До сумерек он пас кобылу на бугре, стыдясь днем являться в хутор, и только ночью пригнал он ее домой. Как его встретила жена, баба дородная и лютая на расправу, что претерпел щупленький Щукарь за свою неудачную покупку,- "покрыто неизвестным мраком", как говорил друживший в ту пору с Щукарем сапожник Локатеев. Известно лишь то, что кобыла вскоре заболела чесоткой, облезла и в таком неприглядном виде тихо почила на базу однажды в полночь. А кожу Щукарь с дружком Локатеевым пропили.
Уверяя Якова Лукича, что он. дед Щукарь, немало перевидал на своем веку лошадей, заведомо знал дед Щукарь, что Яков Лукич ему не может поверить, так как вся Щукарева жизнь прошла на глазах Якова Лукича. Но уж такой был дед Щукарь от природы: не мог не прихвастнуть и не соврать. Неподвластная сила заставляла его говорить такое, от чего он через несколько минут с удовольствием бы отрекся...
Словом, стал дед Щукарь кучером и конюхом одновременно. И надо сказать, что несложные обязанности свои выполнял он неплохо. Единственно, чем не нравился он Нагульнову, любившему быструю езду, это частыми остановками. Не успеет выехать из двора и уже натягивает вожжи: "Тпрууу, милые!" "Чего стал?" - спросит Нагульнов. "По лошадиной надобности",- ответит дед Щукарь и до тех пор позывно посвистывает, пока Нагульнов не выдернет у него из-под сиденья кнут и не потянет жеребца по спине.
"Ноне не царские времена, чтобы кучер на облучке, а седок сзади на мягкой подушке выкачивался. Ноне я вот кучер, а с товарищем Давыдовым рядом сижу на дрожках. Иной раз захочу покурить и прошу его: "А ну, подержи вожжи, я цигарку заделаю". "G нашим удовольствием",- говорит. Берет вожжи и иной раз час правит, а я сижу важно и на природу интересуюсь",- хвалился дед Щукарь казакам. Он стал важен с виду и даже менее разговорчив. Спать, несмотря на весенние заморозки, перешел было в конюшню, поближе к жеребцам, но старуха через неделю водворила его домой, жестоко избив и изругав всенародно за то, что будто бы ходили к деду Щукарю по ночам молодые бабы. Над старухой подшутили парни, возведя на деда этот гнусный поклеп, но перечить он ей не стал, перешел домой и раза два за ночь ходил проведывать жеребцов, конвоируемый своей ревнивой супругой.
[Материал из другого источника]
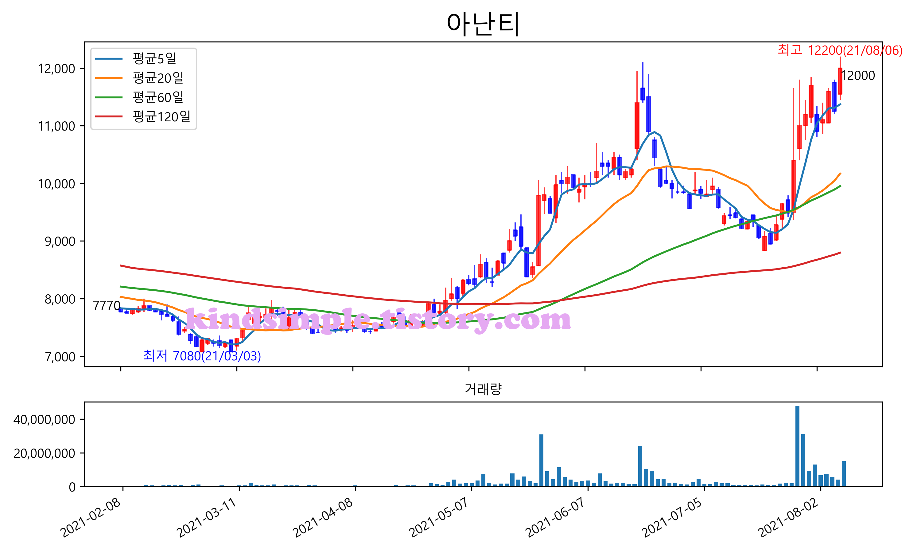 최근 6개월간 캔들차트 및 이동평균선입니다.

Запрягать он научился столь быстро, что соперничал в быстроте с гремяченской пожарной командой, и, выводя запрягать, усмиряя застоявшихся игогокавших жеребцов, неизменно зычно покрикивал: "Но-но-о-о! Заиржал, шорт!.. Он и этот не кобыла, а такой же цветок, как ты!" А кончая запряжку и садясь на дроги, самодовольно говорил: "Ну, вот съездим, и палочку* заработаю. Жизня эта мне, братцы, начала дюже нравиться!"
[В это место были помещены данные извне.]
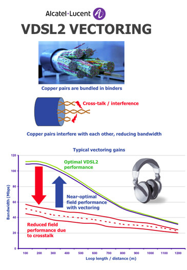 Alcatel-Lucent introduced the first commercial VDSL2 Vectoring solution in September 2011, delivering 100 Mbps over existing copper loop lengths of 400 meters. VDSL2 vectoring uses digital signal processing to remove crosstalk between copper pairs in a bundle, similar to noise cancellation in headphones. From line cards at the central office or DSLAM, the system measures the crosstalk from all the lines in the bundle and then generates an anti-phase signal to cancel out the noise. Alcatel-Lucent developed its own chipset and software. The VDSL2 vectoring is delivered via a 48-port Board Level Vectoring card, a 48-port System Level Vectoring card, and a Vector Processing card supporting up to 384 ports.

* (В 1930 году трудовой день отмечался обычно "палочкой" в записях бригадира.)
* * *
Двадцать седьмого Давыдов решил съездить на поле первой бригады, чтобы проверить, действительно ли бригада, вопреки его указаниям, боронует вдоль борозды. Об этом сообщил ему кузнец Ипполит Шалый, который ездил в поле чинить садилку и видел, как бороны шли не поперек борозды, а вдоль. Он тотчас по возвращении в хутор явился в правление; пожимая руку Давыдова, сурово сказал:
- Первая бригада вдоль борозды бороны гоняет. Такая волочба ни к черту не годится. Езжай-ка сам туда да прикажи им делать как следует. Я им указал на это, а Ушаков - раскосый черт - говорит: "Твое дело по ковадлу стукать да мех дуть, сюда не суй носяку, а то мы его зараз плугом оттяпаем!" Я ему на это отвечаю: "Допрежь, чем ехать мех дуть, я бы тебя, косого, вздул!" Ну, и за малым не подрались.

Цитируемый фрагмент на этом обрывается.